A quick comparison of Verducci’s 10 vs. my risky pitchers shows the following:

  • 3 pitchers we agree are risks (Lester, Pelfrey, Eveland)
  • 5 pitchers that I feel can handle it because of their pitch mix (i.e., lack of breaking pitches), body type, or irrational exuberance (Hamels, Billingsley, Lincecum, Danks, Jurrjens)
  • 2 pitchers I didn’t touch on – Kershaw (didn’t have enough major league pitches to qualify) and Niese (Met pitcher who didn’t make the team out of spring training)

It’ll be interesting to see how this plays out.  Verducci does claim a high level of success (“Of those 24 at-risk pitchers, 16 were hurt in that same season. Only one of the 24 pitchers managed to stay healthy and lower his ERA”) but does ‘healthy’ mean makes every single start?  For fantasy purposes, if Hamels misses 5 starts and pitches as effective as last year, that’s not going to disappoint drafters.  Peavy was injured in 2008 but the part that really hurt was his team wouldn’t score for him so his Wins tanked.

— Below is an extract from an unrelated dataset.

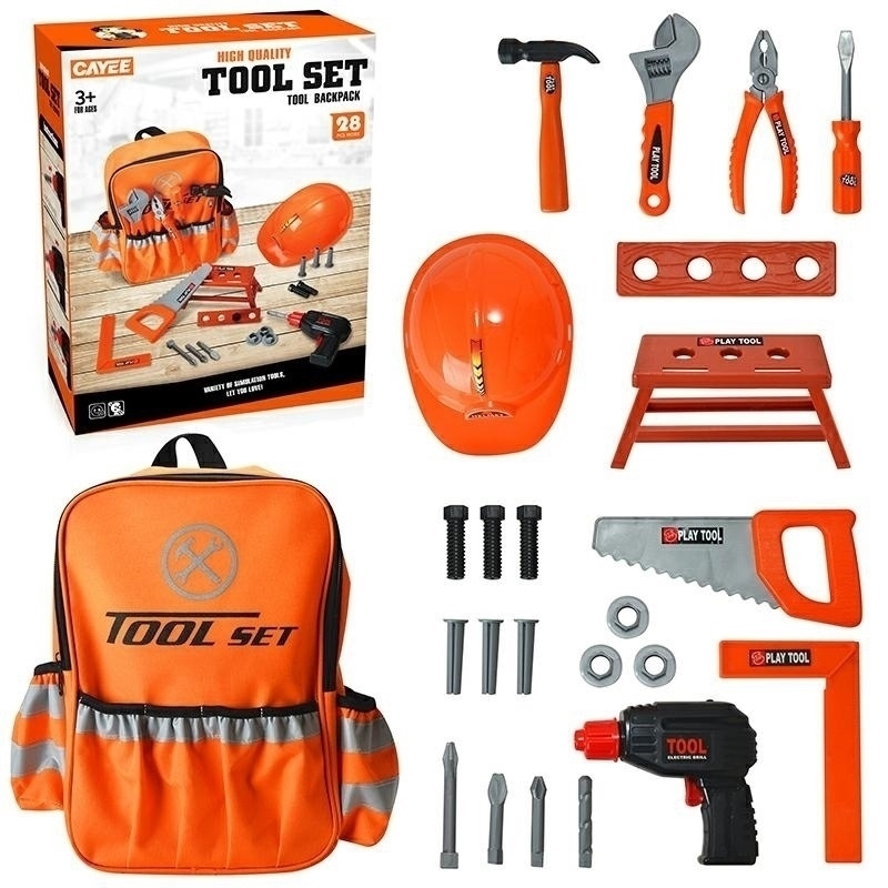 Wspaniały zestaw dla każdego młodego majsterkowicza. Zestaw zawiera wszystko, co jest niezbędne aby mógł wkręcać, mierzyć i piłować. Wkrętarka posiada wymienne koncówki. zasilanie piły: 2xAA 1.5V (brak w zestawie) W zestawie: - piła ręczna - kask - śrubokręt (+ 3 końcówki) - stolik + deska z otworami - klucz nastawny - młotek - śruby i nakrętki - kombinerki - kątownik - plecak 20x30x10cm wymiary opakowania: 24x31x11cm Zabawka przeznaczona dla dzieci powyżej 3 roku życia.

While on the subject of Verducci, I never voiced a POV on his book with Joe Torre – ‘The Yankee Years’.  I enjoyed it.  I think Torre was sincere in his comments (on other people) and Verducci did a good job writing and reporting around him.  The three things that still resonate are:

1) It’s surprising that Joe Torre put his name on a book like this.  He seemed the ‘keep it in the locker room” type.  This book takes swipes at several players not to Torre’s liking.  The A-Rod stuff, in particular, goes well beyond what is necessary (forgetting the A-Fraud nickname).

2) Joe Torre could’ve aimed his candor a little more at himself.  How could he not admit that he mismanaged bullpens and/or his success is completely dependent on having 1-2 rubber-armed middle relievers in his bullpen (like Jeff Nelson and Mike Stanton in 1996-2000)?  Torre must fantasize about a guy like Scot Shields.

3) Mike Mussina definitely doesn’t pull punches.  See this quote on Mariano Rivera.  I remember some other pretty harsh quotes about less likable fellows like Carl Pavano.  Definitely interesting to read but makes you wonder what he was really like as a teammate.